Miracle Technology Advert - September 1985
From Personal Computing Today
Miracle Technology WS2000 Modem: Ace Down The Line
The last time a modem was advertised as a thing in its own right was probably towards the end of the 1990s, when the pinacle of dial-up - the 56K modem - came out. Before then, there was still a bit of an arms race as manufacturers strove to squeeze as much out of acoustic technology as they could, as prior to ADSL speeds were limited to what the voice circuit could carry, and this had never been famous for its bandwidth. The first modems used acoustic couplers and could run to 150-300 baud, but by the time of this advert speeds were up to 2400 bits per second, or roughly 240 characters per second. The carrier for these V.22bis modems was still only running at 600 baud, but they used a "quadrature" modulation which meant they could carry four bits per baud, giving the total throughput of 2.4kbps. To put that into context, the BBC's homepage as at the end of March 2017, which weighed in at 1.9MB, would take 134 minutes, or just over two hours to download, even using a state-of-the-art modem.

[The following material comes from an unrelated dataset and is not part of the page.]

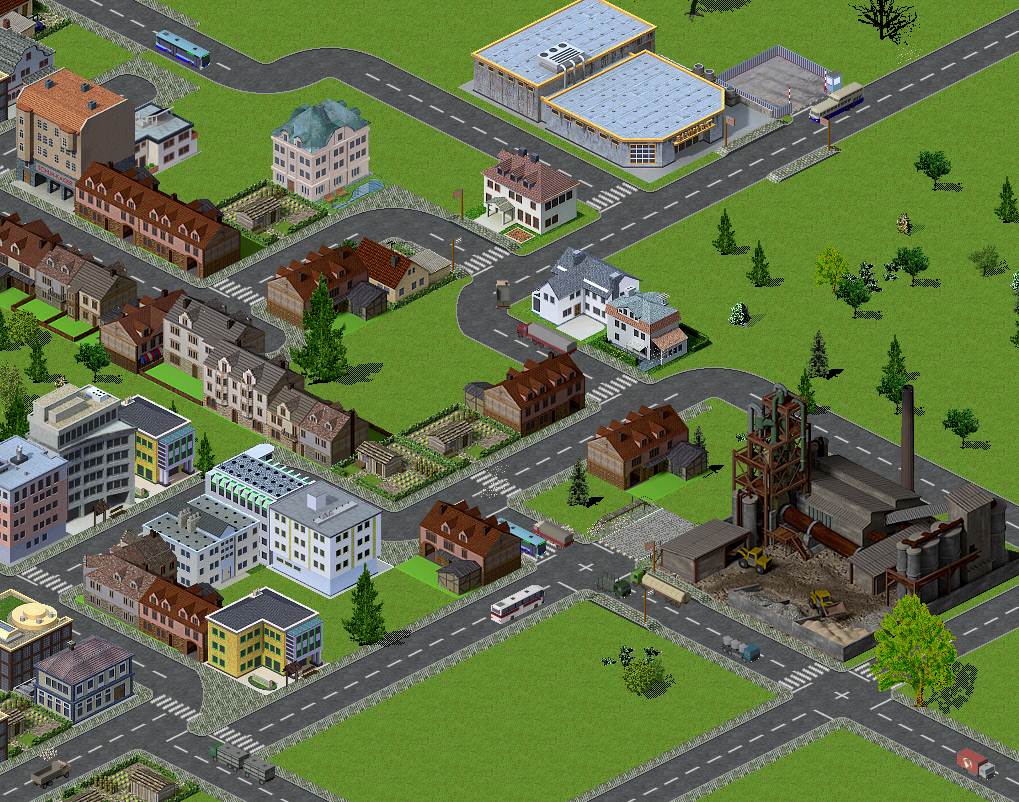 Wie ihr sehen könnt, benutze ich ein wild zusammengestelltes Pakset, um ein paar Gebäudelücken im pak128.german zu füllen. Sogar Gebäude aus dem britischen 128er-Pakset, das sonst eigentlich ästhetisch ziemlich stark vom deutschen pakset abweicht, lassen sich manchmal integrieren. Das meiste allerdings stammt von japanischen Sets (hauptsächlich Infrastrukturgebäude) oder vom pak128.

This particular modem probably also won the competition for most knobs and lights and seemed to cover just about every possible combination from 300 baud, 1200/75 (Prestel/Viewdata) up to 1200 V.23 including incoming and outgoing connections. It was all a lot more complicated than modern broadband which is perceived as being "just on". Despite all that, the advert shows again that even in 1985 it was possible to connect to a world-wide network including Prestel, Micronet, bulletin boards and even Telex. It cost £154 - about £480 in 2020 money, whilst one of Ipswich-based Miracle's other modems - the V22.bis version of the WS3000 - cost an eye-watering £750, or about £2,350 in 2020 money .
At the end of 1987, Miracle moved in to brand-new £750,000 premises in Ipswich and was making 20,000 modems a year. Its WS2000 was by now considered a "classic", whilst its V22.bis modem had now come down to a slightly-more-affordable £545, or around £1,550 in 2020. The company had recently received a boost when it won a major retail deal with Tandy, which took 500 of the company's WS2000, 3000 and 4000 modems to sell in its 280 UK stores. Miracle's marketing manager David Baxter said of the deal "This is our first foray into the arena of mass marchandising via the UK high street and our exclusive arrangement with Tandy opens up markets we could not otherwise cover".